For the other project, Carmen Moraru and Olga Padilla-Zakour, both professors of food science, will lead research on using reverse and forward osmosis filtration and other cold processes to create nutritious, high-quality and tasty juices and beverages in an energy-efficient way. Collaborators include Miguel Gomez, associate professor of applied economics at Dyson, and Robin Dando, associate professor of food science.

Currently, juice processors use heat to create juice concentrate, but heat changes the product’s nutritional and sensory profiles.

“Our combination nonthermal process maintains product quality and makes the juice concentrate taste like it is fresh,” Moraru said.

Also, juice concentration consumes energy. “With this cold process technology, we can save energy and conduct the concentration at a fraction of the thermal evaporation cost,” she said.

The researchers will examine different filtration conditions for specific juices and other beverages. In addition to New York state fruit juices like apple and grape juice, the researchers will also examine concentration of cold-brew coffee and tea.

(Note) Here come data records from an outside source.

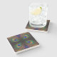 The coasters are gorgeous, a quality feel and heavy weight. They look like a precious archeological find. A rustic stone juxtaposed with a modern floral black and white print. I like the way the print goes slightly imperfect on the cut stone edges giving them a kind-of natural beauty.
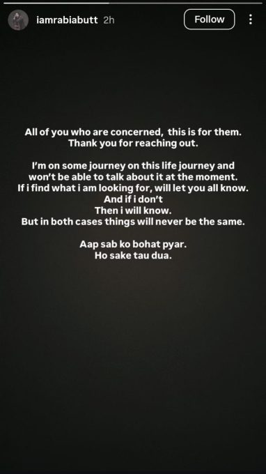 Rabia said that she is on a journey in life and right now she cannot talk about it.
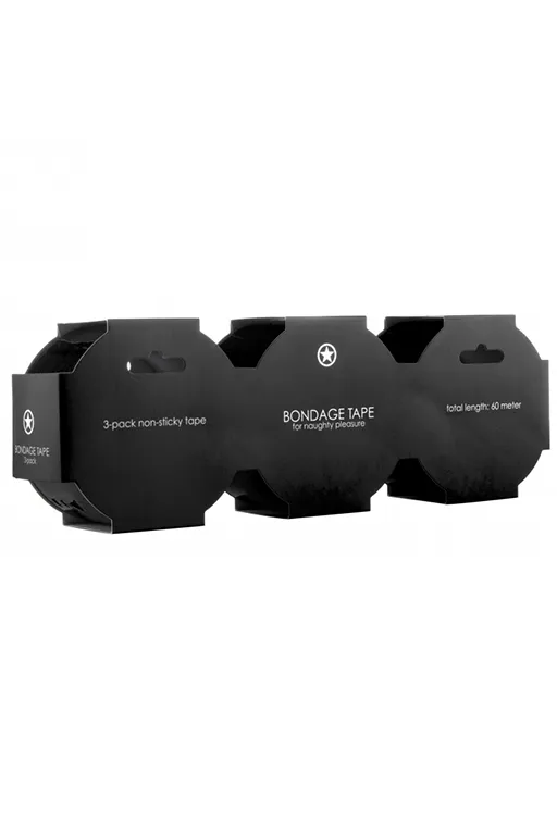 Набор из 3 скотч-лент для бондажа Bondage Tape – набор из трех прочных и надежных самоклеющихся скотчей или бондажных лент для связывания, общей длиной 60 метров (3 по 20). Преимущество этих лент в том, что они способны приклеиваться только к своей собственной поверхности, не доставляя неприятных ощущений коже, не вырывая волоски, не оставляя следов на мебели и игрушках.

Juice and beverage concentrates make sense from a financial perspective, Moraru said.

“For commercial purposes,” she said, “it is more economical to transport concentrate rather than move the added weight of water. Concentrate is economical and stable, while water makes juices more prone to degradation.”

The developed processes will be transferred to industry stakeholders. Said Moraru: “Ultimately, this work will benefit consumers and will help boost the competitiveness and sustainability of the U.S. food sector by reducing the energy in food processing.”

These new projects add to the department’s growing research output in improving environmental sustainability in the U.S. and global food production by reducing food waste while improving energy efficiency.